------ Exercise data

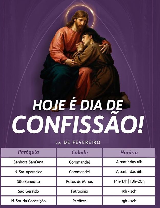 Em Patos de Minas, as confissões são realizadas na Paróquia São Benedito, nos horários das 14h às 17h e das 18h às 20h.
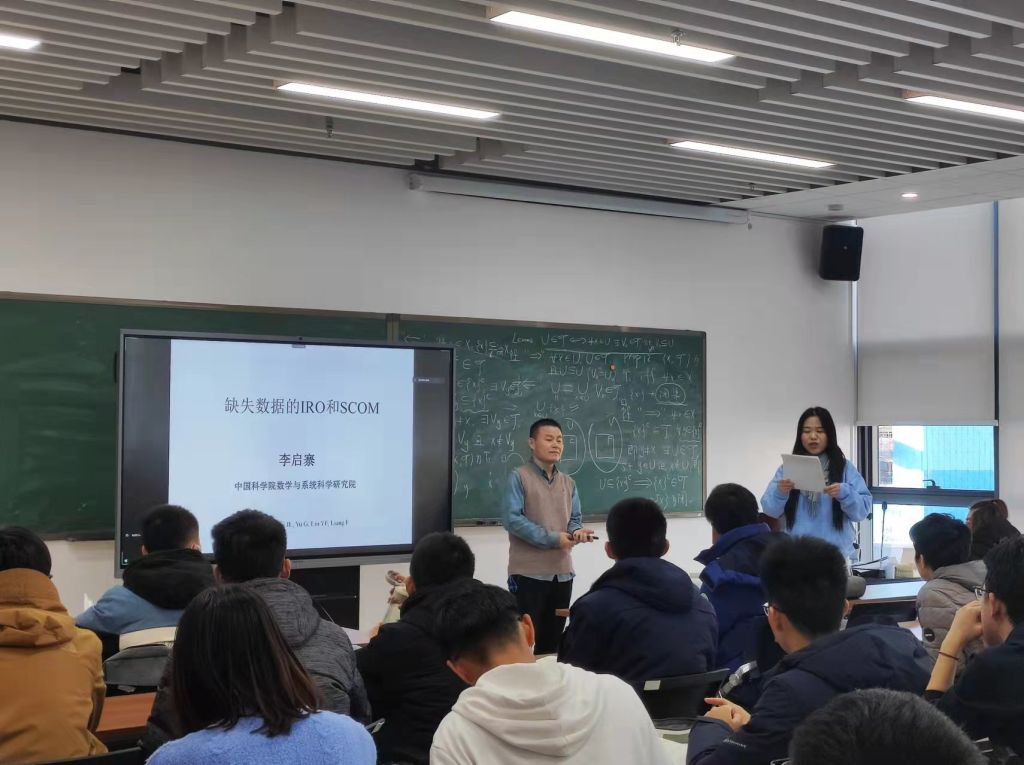 2021年12月1日下午15时,太阳成集团122ccvip数学与系统科学研究院研究员李启寨受邀访问公司,在沙河校区E404教室为公司师生带来了一场题为“缺失数据的IRO和SCOM”的学术报告。报告由太阳成集团122ccvip经理助理唐晓弦主持,采用线上线下结合,并在E405设立分会场。
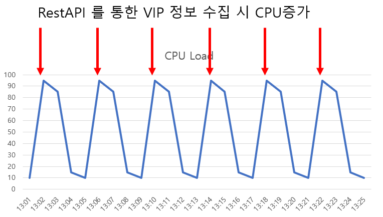 앞서 이야기 한바와 같이 VIP 상태 수집시 CPU Load 가 많이 올라갔다. 하지만 원래 많이 올라갈 만한 것이 아니다. 왜냐하면 VIP 의 모든 정보를 가져올 필요가 없기 때문이다. 하지만 기존 버전에서는 모든 정보를 한꺼번에 가져오는 Logic 으로 구현되어 있었기 때문에 이러한 이슈가 발생을 한 것이다.
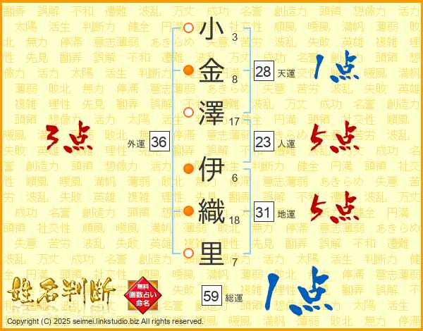 小(3画)金(8画)澤(17画) 伊(6画)織(18画)里(7画)
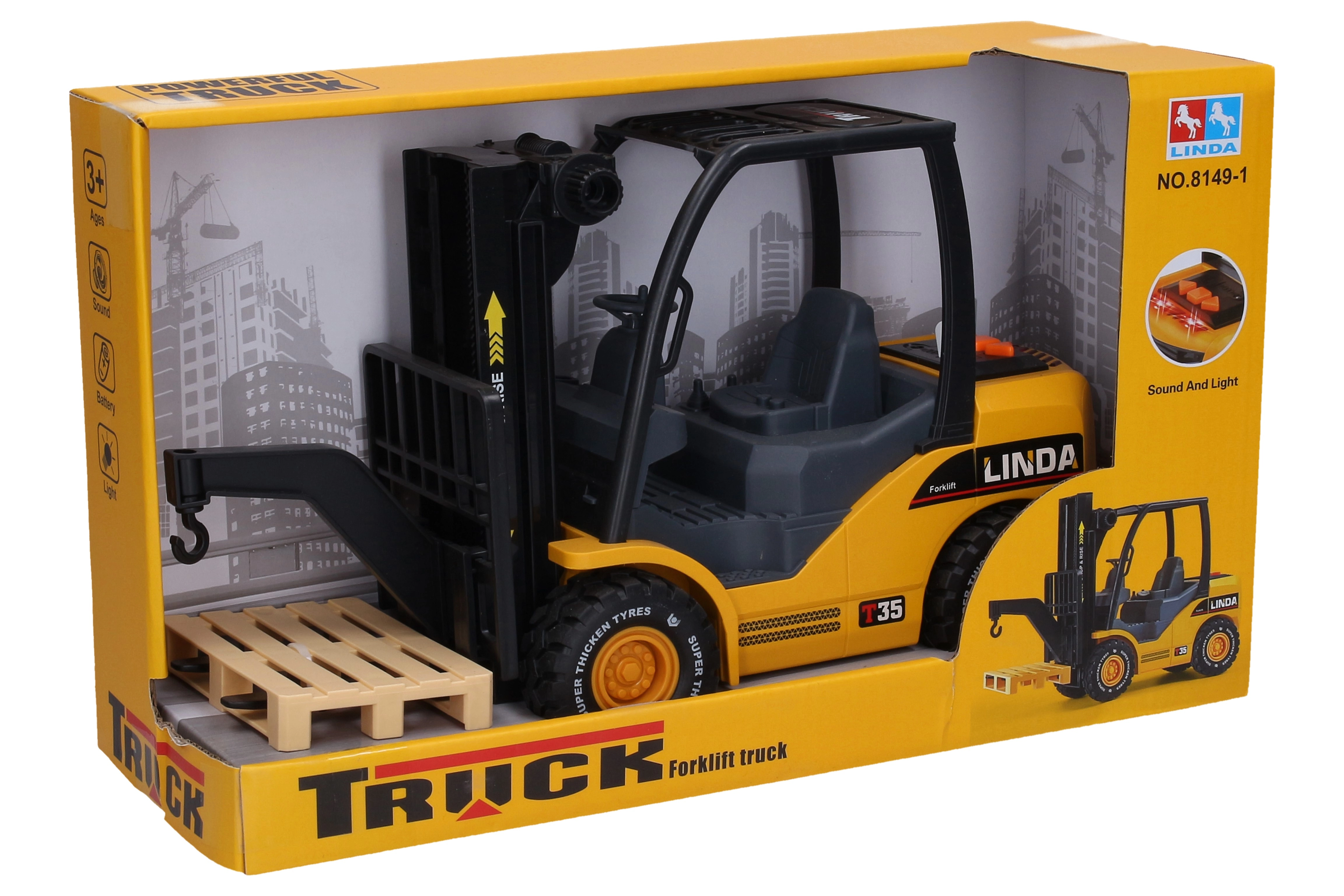 Dieser detailreich gestaltete Gabelstapler begeistert kleine Fans von Bau- und Lagerfahrzeugen. Dank der Licht- und Soundeffekte (Motor, Heben, Hupen) und dem manuellen Hub über das vordere Drehrad wirkt das Spiel besonders realistisch. Die Effekte werden über Tasten auf der Rückseite aktiviert, sodass Kinder alles bequem erreichen.

------------

Output only the lines running from the top of the data above to the line with "小(3画)金(8画)澤(17画) 伊(6画)織(18画)里(7画)", inclusive, word for word and without pictures.

 Em Patos de Minas, as confissões são realizadas na Paróquia São Benedito, nos horários das 14h às 17h e das 18h às 20h.
 2021年12月1日下午15时,太阳成集团122ccvip数学与系统科学研究院研究员李启寨受邀访问公司,在沙河校区E404教室为公司师生带来了一场题为“缺失数据的IRO和SCOM”的学术报告。报告由太阳成集团122ccvip经理助理唐晓弦主持,采用线上线下结合,并在E405设立分会场。
 앞서 이야기 한바와 같이 VIP 상태 수집시 CPU Load 가 많이 올라갔다. 하지만 원래 많이 올라갈 만한 것이 아니다. 왜냐하면 VIP 의 모든 정보를 가져올 필요가 없기 때문이다. 하지만 기존 버전에서는 모든 정보를 한꺼번에 가져오는 Logic 으로 구현되어 있었기 때문에 이러한 이슈가 발생을 한 것이다.
 小(3画)金(8画)澤(17画) 伊(6画)織(18画)里(7画)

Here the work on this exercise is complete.